2011 SCC 5 (Released February 4, 2011)
Constitutional Law Interim Costs Awards Inherent Jurisdiction of the Courts Inferior Courts
Here the Supreme Court held that Superior Courts can make interim costs awards to fund public interest litigation in the inferior provincial courts.
In the underlying litigation, the Respondent Caron had challenged the constitutional validity of Alberta Provincial Court proceedings on the basis that the court documents were solely in English. Caron pleaded that the provisions of the Alberta Languages Act, which purported to abrogate French Language rights in order to permit such unilingual documents, was unconstitutional.
At issue in the Supreme Court of Canada was the funding of Caron’s litigation. The Provincial Court had made an interim costs order an “Okanagan order”, so named after the case which enables them in favour of Caron. The Alberta Court of Queen’s Bench (“ACQB“) set aside this order on the ground that the Provincial Court lacked jurisdiction to make it. However, the ACQB then made its own Okanagan order to fund Mr. Caron’s litigation in the Provincial Court. Ultimately, the Supreme Court of Canada dismissed the Crown’s appeal of this order.

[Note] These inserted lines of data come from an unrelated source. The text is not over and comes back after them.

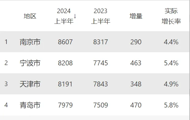 先看經濟,2023年南京GDP達到1.74萬億,今年上半年為8607.42億元,同比增長4.4%,跑輸全省和全國。
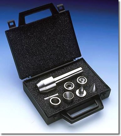 Hollow Revolving Centres are available in 1 and 2 morse taper. In addition to the basic unit there is also a set of with six different accesories - ring centre, hollow centre, location pin, 60 degree point, mini 60 degree point, and cup centre. These accessories make this a highly versatile system which will cater for almost every demand. The set also includes a useful ejection tool to remove the various heads.
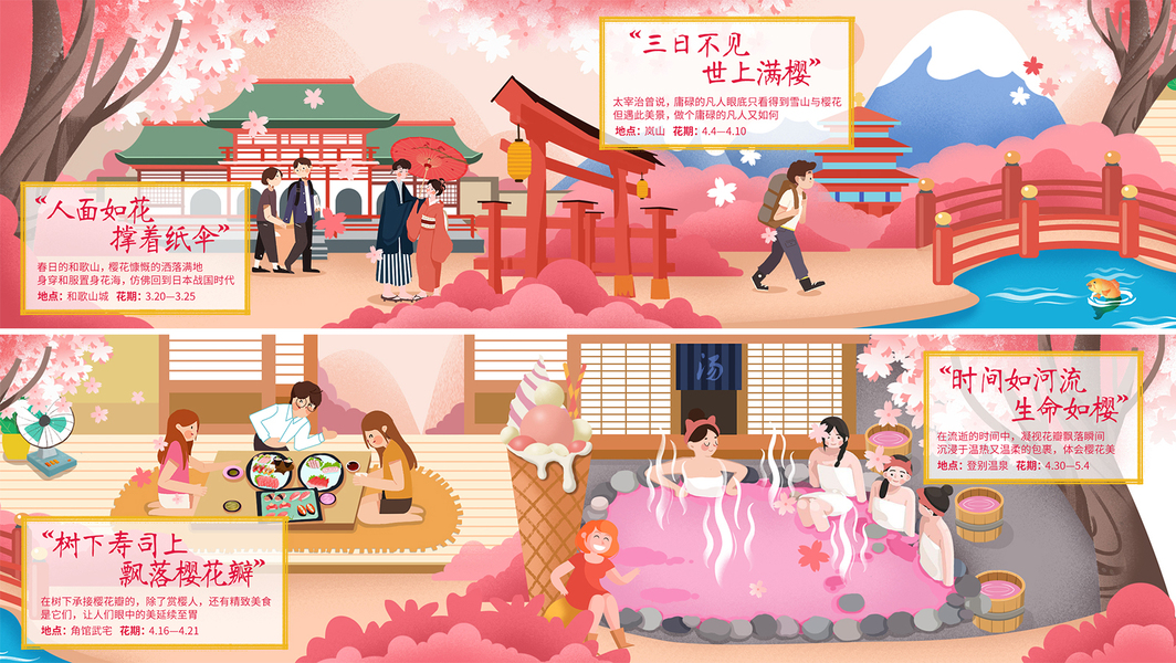 日本樱花节插画长图

The Supreme Court emphasized that the language rights issue was of fundamental importance and touched on the validity of the entirety of Alberta’s legal system. The court drew an explicit parallel to the interim award endorsed by the court in Okanagan. Further, it emphasized that the basis for such orders is a Superior Court’s inherent jurisdiction, which includes the ability to “render assistance to inferior courts.” The court also held that statutory costs provisions do not oust a Superior Court’s inherent jurisdiction to make these awards. On the present facts, the Okanagan criteria were met and the ACQB was within its jurisdiction to make the interim awards to Caron.

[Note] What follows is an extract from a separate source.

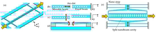 Mechanically tunable configuration can also be obtained via multi-coupled cavities by controlling the coupling strength between them. Taking a pair of PCN cavities coupled configuration in Figure 10a as an example, their coupling strength can be tuned by controlling the in-plane coupling gap to cause resonance shifts of even and odd modes. Such a configuration has attracted a lot of interests due to its potential for strong opto-mechanical interaction. Mechanically tunable coupled-PCN cavities could be modulated by the in-plane gap between two nanobeams (see Figure 10b) [49,50,51,52], in-plane laterally center offset (see Figure 10c) [53,54], out-of-plane rotation of suspended cavity (see Figure 10d) [55] as well as out-of-plane bending nanobeams (see Figure 10e) [56]. Du et al. [53] proposed a coupled PCN cavity by laterally driving a center-to-center offset to control the coupling strength dynamically, resulting in that optical mode splitting width decreased with the increment of lateral offset. Tian et al. [55] designed a torsion-induced coupled PCN cavity using a NEMS comb drive to demonstrate an optical spring effect with a maximum 77.1 Hz mechanical frequency drop by laser detuning. Besides, the out-of-plane coupled PCN cavity motion was presented using a vertical electrostatic force generated by tuning the potential difference between isolated layers [56]. With an applied voltage of 12 V, an out-of-plane displacement could cause a redshift of 40.5 pm in the second-order odd resonance mode and a blueshift of 63.5 pm in the second-order even resonance mode.
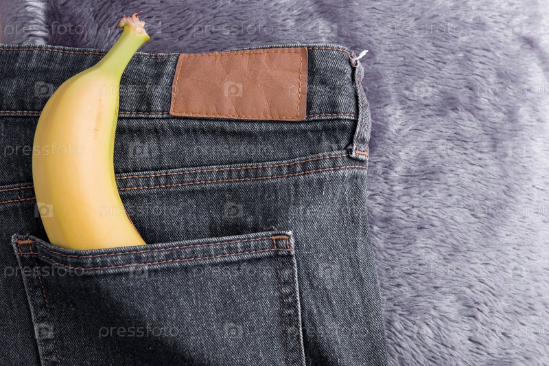 Банан в заднем кармане серых джинсов вид сверху желтый мех фон

Justice Abella’s concurring opinion emphasized that the Supreme Court’s decision does not unduly extend a Superior Court’s ability to intervene in the workings of statutory tribunals. She noted that the decision did not conclusively address whether an inferior court can make interim costs awards. Further, the inherent jurisdiction of a Superior Court must be balanced with the “implied legislative mandate of a statutory court or tribunal to control its own process”.
The decision provides a robust assessment of inherent jurisdiction, while Justice Abella’s concurrence is perhaps a springboard towards more expansive readings of the inherent jurisdiction of statutory tribunals.